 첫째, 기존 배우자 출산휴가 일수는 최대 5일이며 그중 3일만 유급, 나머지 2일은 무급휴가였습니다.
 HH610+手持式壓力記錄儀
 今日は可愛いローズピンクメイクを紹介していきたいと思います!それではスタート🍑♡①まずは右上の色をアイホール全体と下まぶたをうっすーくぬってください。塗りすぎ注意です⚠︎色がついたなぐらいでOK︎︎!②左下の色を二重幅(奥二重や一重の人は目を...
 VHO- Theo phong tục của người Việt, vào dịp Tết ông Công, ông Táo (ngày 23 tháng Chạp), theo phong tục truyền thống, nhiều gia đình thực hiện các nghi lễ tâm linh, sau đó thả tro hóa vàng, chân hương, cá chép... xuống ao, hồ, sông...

...

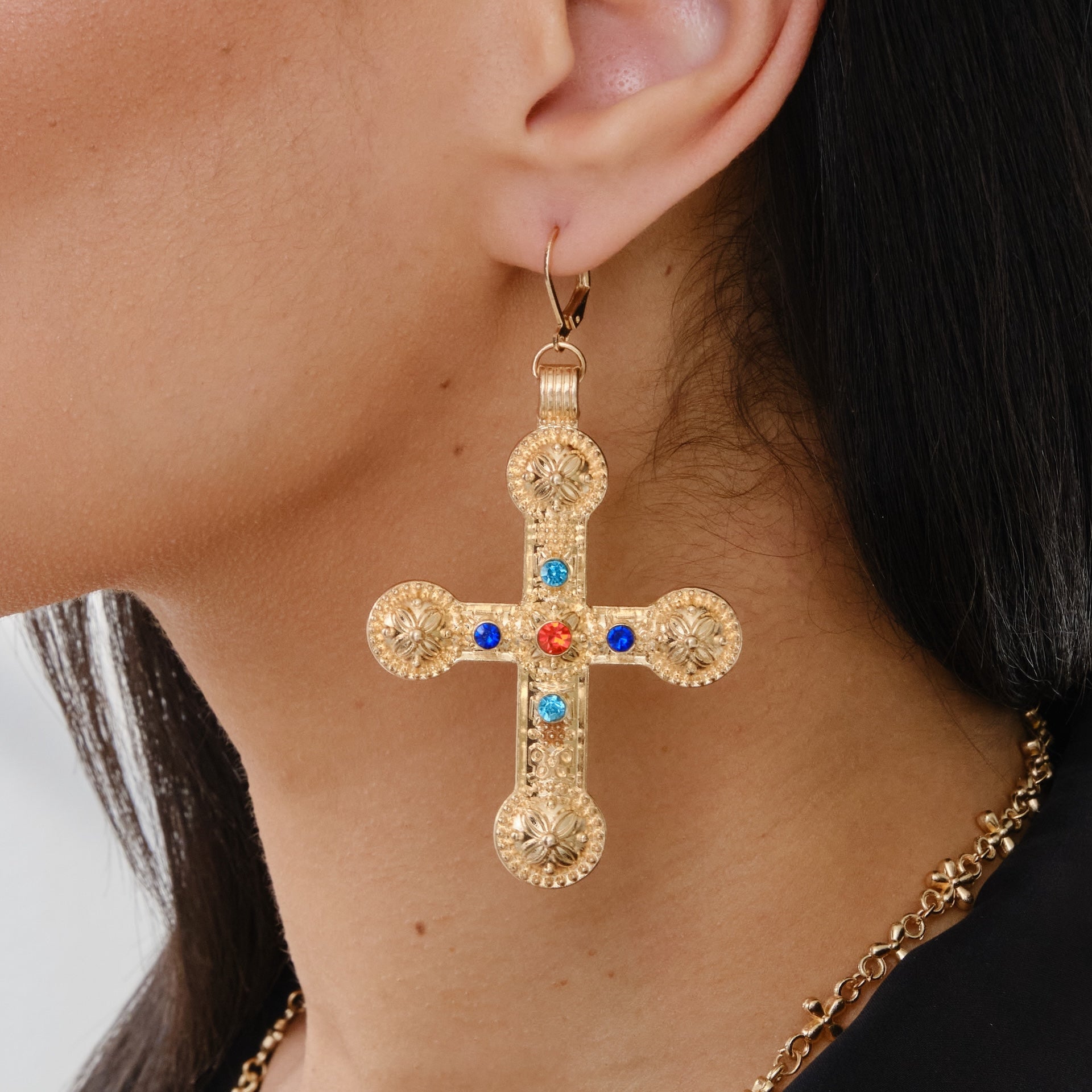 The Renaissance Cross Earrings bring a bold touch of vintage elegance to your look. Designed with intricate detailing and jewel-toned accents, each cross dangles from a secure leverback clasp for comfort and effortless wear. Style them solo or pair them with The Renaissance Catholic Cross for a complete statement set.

**Directions for this task:** Looking at the entries above, can you reproduce exactly the lines from the one that holds "첫째, 기존 배우자 출산휴가" through the one that holds "今日は可愛いローズピンクメイ", and only those?

**Solved problem:**
 첫째, 기존 배우자 출산휴가 일수는 최대 5일이며 그중 3일만 유급, 나머지 2일은 무급휴가였습니다.
 HH610+手持式壓力記錄儀
 今日は可愛いローズピンクメイクを紹介していきたいと思います!それではスタート🍑♡①まずは右上の色をアイホール全体と下まぶたをうっすーくぬってください。塗りすぎ注意です⚠︎色がついたなぐらいでOK︎︎!②左下の色を二重幅(奥二重や一重の人は目を...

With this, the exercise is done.